5.1. Strengths and Limitations
This study is the first survey conducted to screen for hypertension among commercial taxi drivers in South Africa. Besides, it is a unique study, because it provides important baseline information about the significant correlates of hypertension among commercial taxi drivers. Additionally, multiple BP readings were obtained; and all the measurements were done in the field. Participants with abnormal BP were advised regarding appropriate medical care. Notwithstanding the strengths of this study, the limitations are worth noting. Using a convenience sampling method with 403 drivers is not representative of all of the commercial taxi-driving population. Also, the cross sectional nature of the study does not allow one to determine cause and effect. Lastly, the participants self-report of information may be inaccurately reported due to social desirability (e.g., reporting being physically active or eating fruits and vegetables), or embarrassment (e.g., under-reporting alcohol use) [58].
CONCLUSION
The prevalence of hypertension among commercial taxi drivers in BCMM is alarmingly high. The high prevalence is associated with age, duration of driving and other cardiovascular risk factors such as obesity, diabetes and alcohol use. There is a need for continual awareness creation and screening for cardiovascular risk factors among commercial taxi drivers across the country. Finally, effective interventions targeted at the reduction of modifiable lifestyle behaviours should be implemented among this high risk group.

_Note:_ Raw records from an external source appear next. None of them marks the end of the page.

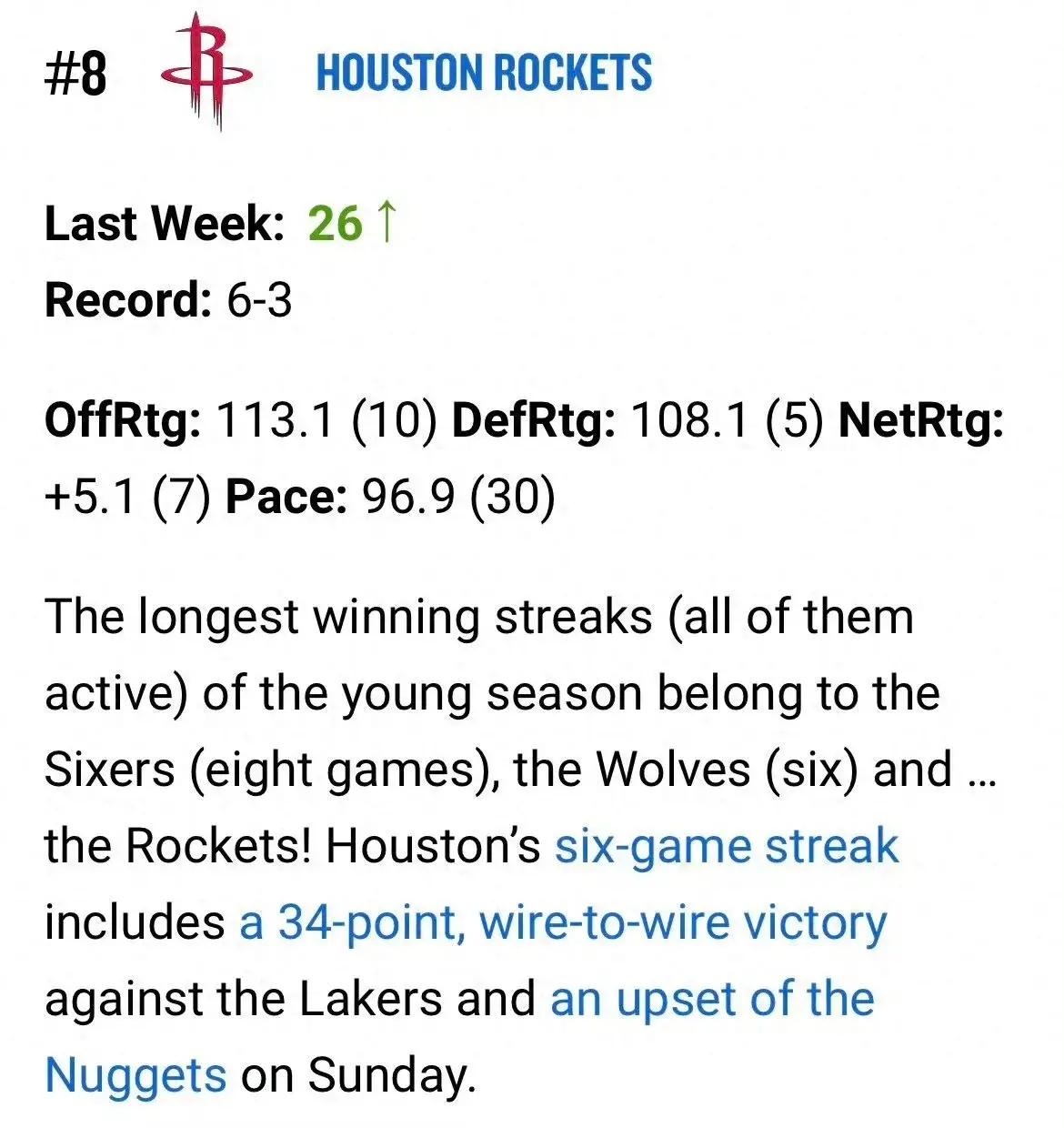 NBA更新了新一期的球隊實力榜,取得6連勝的火箭隊,從上一期的排名26位一路飆升至第8位,火箭隊六連勝期間,分別擊敗了黃蜂、國王、湖人、鵜鶘和掘金隊。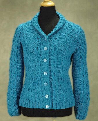 This cardigan has a classic, timeless silhouette with two different cable stitch patterns. The stitch patterns are written in text and are charted. The sleeve is a classic set in version. The ribbed edges are integrated with the cable patterns. All sections are worked bottom up. The pattern includes full set up rows written by size to aid the knitter to establish cable stitch patterns. It makes the pattern appear long but you'll be skipping over sections that apply to sizes other than your own.The front band is picked up in one piece, along the front edge, around the back of the neck and down the other front, with a long circular needle. I chose the Briggs and Little yarn because I've knit many cable projects in the past using it. It has great stitch definition and stands up to hard wear. Some of my oldest sweaters knit with Briggs and Little look the same as they did when they were first knit.
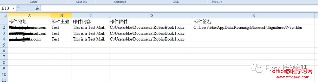 在日常工作中,经常会遇到需要群发邮件的情况,正常情况下只有一个个手工写邮件,然后发送。这样的工作效率可想而知。下面就介绍一个通过群发邮件的VBA程序。 一、数据准备 准备如下图的数据表,包括以下内容: 1) 第一列为“邮件地址”,必须是完整的带后缀的邮件地址。 2) 第二列为“邮件主题”,不同的收件人可以根据需要写不同的主题。 3) 第三列为“邮件内容”,不同的收件人可以根据需要写不同的内容。这里的内容在发送时是以纯文本格式发送的,在单元格里设置的格式均无效。 4) 第四列为“邮件附件”,附件必须带有完整的路径,且必须包括文件扩展名。 5) 第五列为“邮件签名”,签名必须带有完整的路径,且必须包括文件扩展名。这里的邮件签名是自动提取使用者邮箱里设置的签名,如果没有设置签名,那么将为空。

ETHICS APPROVAL AND CONSENT TO PARTICIPATE
Ethical approval for the study was obtained in accordance with Helsinki II Declaration from the University of Fort Hare Research Ethics Committee (Reference number: GOO121SADE01) and the Eastern Cape Department of Health.
HUMAN AND ANIMAL RIGHTS
No animals were used in this research. All research procedures followed were in accordance with the ethical standards of the committee responsible for human experimentation (institutional and national), and with the Helsinki Declaration of 1975, as revised in 2008 (http://www.wma.net/en/20activities/10ethics/10helsinki/.
CONSENT FOR PUBLICATION
Not applicable
AUTHORS’ CONTRIBUTIONS
Aanuoluwa Odunayo Adedokun, Daniel Ter Goon, Eyitayo Omolara Owolabi and Oladele Vincen Adeniyi contributed to study conception and manuscript preparation. Aanuoluwa Odunayo Adedokun and Eyitayo Omolara Owolabi contributed in the collection of data, Anthony Idowu Ajayi contributed to data analysis and manuscript preparation. All authors read and approved the final manuscript before submission.
CONFLICT OF INTEREST
The authors declare no conflict of interest, financial or otherwise.
ACKNOWLEDGEMENTS
The authors wish to acknowledge the supporting drivers who participated in the study.